5. Structural changes	Have standards of care changed over time in a way that impacts which measurements are recorded and how? Has the EHR system evolved over time, either in terms of structure or of coding policies and procedures? If so, could these changes have influenced which measurements could have been recorded and how?

The first sub-mechanism in Table 2 refers to a patient’s enrollment status. In some settings, for a measurement to be recorded in the EHR, the patient must have been actively enrolled in some specific health plan system. In other settings, enrollment status may be less relevant or not at all. For example, since all individuals 65 years and older in the United States are automatically enrolled in Medicare, studies using Medicare claims data need not consider enrollment status once an individual is 65 years of age. If enrollment status is relevant, one may find that some patients have multiple periods of enrollment during the observation period. In the antidepressants study, for example, 617 of the 8,631 patients with complete data at baseline have at least two periods of enrollment; assuming that gaps of under 92 days do not represent actual discontinuities in coverage, Figure 4(b) summarizes the distribution of the first such gap across these patients.
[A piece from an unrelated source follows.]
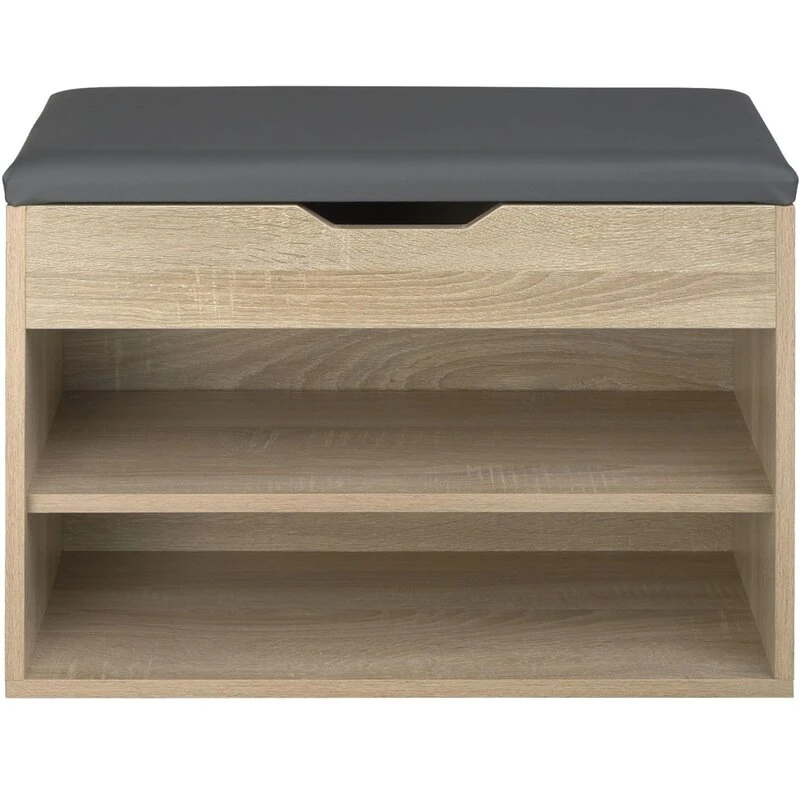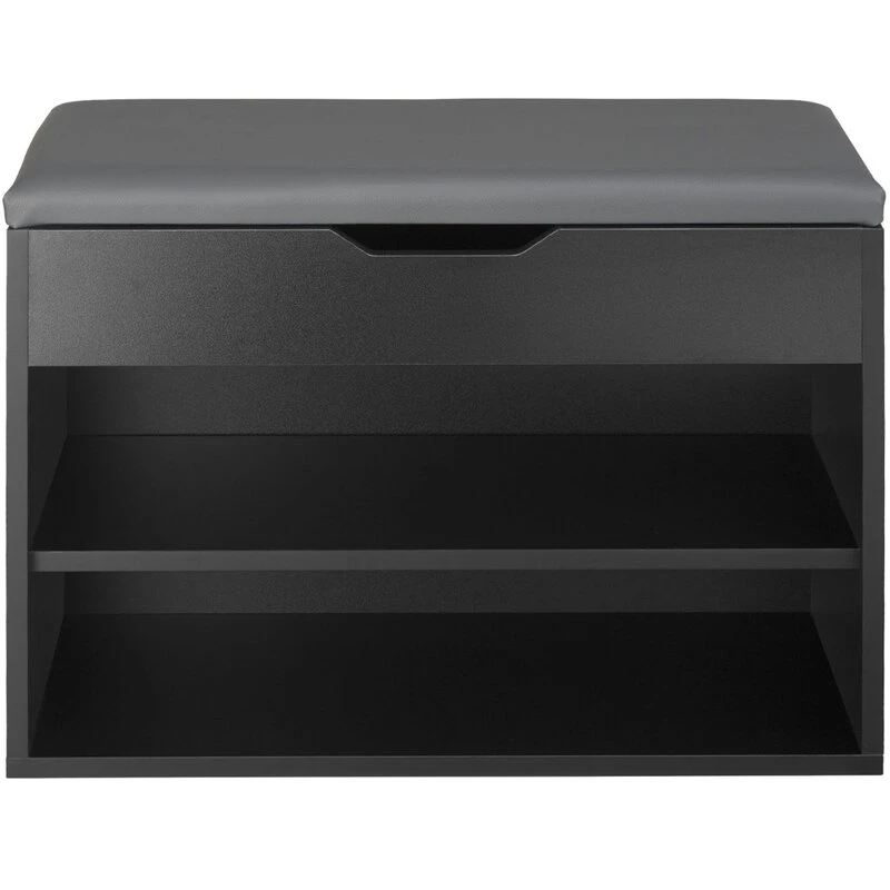 مقعد تخزين الأحذية متعدد الوظائف يمكن وضع ستة أزواج من الأحذية على رفين مفتوحين لرف الأحذية الحديث ، بينما يمكن تخزين الأوشحة والقفازات والقبعات في الجزء العلوي بغطاء مفصلي.

A second, related phenomenon is that when EHR data is extracted it is typically subject to administrative censoring. In the antidepressants study, this date was November 2009. To simplify the exposition, we restricted the study to patients with at least two years of potential follow-up (i.e., we included only patients with a new treatment episode prior to November 2007). An alternative would have been to include all patients who initiated a treatment episode prior to November 2009 and to use survival analysis methods to explore enrollment status at 24 months while accommodating censoring.

Figure 4.

Summary information Regarding Disenrollment and Censoring of Patient Follow-Up During the 24-Month Interval Post-treatment Initiation among the 8,631 patients in the Antidepressants and Weight Change Study Who Had an Observed Weight Measurement at Baseline

The right-hand panel shows estimates of the cumulative probability of being disenrolled and being either disenrolled or censored. The left-hand panel shows 617 patients with more than one distinct period of enrollment during follow-up, specifically the distribution of length of the first gap in enrollment.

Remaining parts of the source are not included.